We ran several supplemental analyses and sanity checks. First, the results of a formal model comparison confirmed our primary model (Eq. 3) outperformed reference models (SI Appendix, Fig. S3, Table S1, and Note N2). We found that the best model includes the regulatory brain state shift (represented by the ED) and its interaction with individuals’ BMI scores (P = 0.017, compared to the null model) as described in Eq. 3 (based on models weighted Akaike Information Criteria, wAIC) (39).

Second, we tested the model’s generalizability across people and time points. Following recommendations on how to establish robust brain-behavior relationships without thousands of individuals (40, 41), we tested the predictive power in out-of-sample data using a leave-one-participant-out cross-validation procedure. We found a significant association between the predicted and observed RS scores in left-out-participants, demonstrating that our model reliably predicts the dietary RS of “new” individuals not used for model training (Fig. 4C, Pearson’s r = 0.462, P < 0.001, 95% CI [0.31, 0.59], t(121) = 5.73). We also implemented a permutation test to confirm the out-of-sample prediction's statistical robustness. Specifically, we ran 1,000 permutations of our model (breaking up the matching between the observed RS scores and predictor variables in the training set) to create an empirical null distribution of predictions achieved by chance. Comparisons against this null distribution confirmed that the accuracy of our out-of-sample prediction is unlikely due to chance (P < 0.001, 95% CI [0.20, 0.21], t(999) = −125.25, permutation test) (SI Appendix, Fig. S4). Given differences across participants regarding the food task, scanning protocols, and test settings (data were collected in France, Canada, and the US), this out-of-sample generalization speaks to our findings’ robustness.

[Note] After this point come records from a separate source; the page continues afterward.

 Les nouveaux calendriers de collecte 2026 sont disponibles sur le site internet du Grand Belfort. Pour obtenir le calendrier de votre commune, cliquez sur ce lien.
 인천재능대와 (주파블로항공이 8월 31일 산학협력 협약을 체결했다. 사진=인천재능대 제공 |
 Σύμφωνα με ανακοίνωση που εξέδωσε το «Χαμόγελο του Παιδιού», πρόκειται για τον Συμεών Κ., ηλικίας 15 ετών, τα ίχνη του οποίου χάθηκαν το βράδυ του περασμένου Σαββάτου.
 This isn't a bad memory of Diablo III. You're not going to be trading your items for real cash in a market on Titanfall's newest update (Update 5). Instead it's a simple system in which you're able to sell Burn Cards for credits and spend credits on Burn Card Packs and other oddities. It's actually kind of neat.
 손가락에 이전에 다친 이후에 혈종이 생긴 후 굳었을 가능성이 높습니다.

Third, we tested whether the prediction of RS scores was driven by the ability to suppress taste considerations or enhance health considerations while pursuing health goals (the two processes used to characterize people’s RS; Eq. 2). To this end, we ran two modified versions of our model (Eq. 3): We replaced RS scores as the dependent variable with model-based estimates of altered taste- or health-inputs on choices in HC (β HC*TR or β HC*HR). We found that shifts in the neural state space predict both the ability to suppress taste and increase health considerations to pursue dietary goals (SI Appendix, Fig. S5 and Tables S2 and S3). Thus, while the relevance of both subprocesses differed across participants, shifts in brain states reflected the altered inputs of both underlying processes that yielded healthier dietary behaviors in HC.

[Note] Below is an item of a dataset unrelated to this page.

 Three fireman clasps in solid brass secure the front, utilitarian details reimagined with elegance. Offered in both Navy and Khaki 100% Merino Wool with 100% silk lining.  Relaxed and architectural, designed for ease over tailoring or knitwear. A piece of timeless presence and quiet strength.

Fourth, we examined whether the predictive information in brain state shifts (captured in the ED between goal-specific brain states, ED HC-NC) was due to changes along one (or more) individual gradients. To this end, we implemented an additional linear-mixed model (LMM) that decomposed the ED variable (SI Appendix, Supplementary Note N4 and Eq. S8). Specifically, we substituted participant-specific ED HC-NC scores with three separate predictor variables that represented that individual’s goal-related shifts (HC—NC) along gradients 1 (Δ G1 HC-NC), 2 (Δ G2 HC-NC) and 3 (Δ G3 HC-NC). We found that changes along the three individual gradients did not significantly predict variance in RS across people (P’s > 0.10 for all three main effects; see SI Appendix, Table S4). Instead, individuals’ dietary success was predicted by a triple interaction of gradient-specific brain state shifts (SI Appendix, Fig. S6 and Note N4). This finding indicates that RS is not enabled by changes in whole brain activation patterns along one particular topological axis of brain organization (e.g., the FP circuit captured in gradient 3). Instead, it relies on different conditional rules and interactions of multiple gradients that facilitate dietary control–multiple configurations can produce the same functional output. For example, achieving effective RS can involve reconfigurations of large-scale brain states to become more similar to the FP end of gradient 3, less visual/more motor (gradient 2), and more unimodal. Alternatively, effective RS might be achieved by brain states becoming more FP (gradient 3), more visual (gradient 2), and less unimodal/more heteromodal (gradient 1).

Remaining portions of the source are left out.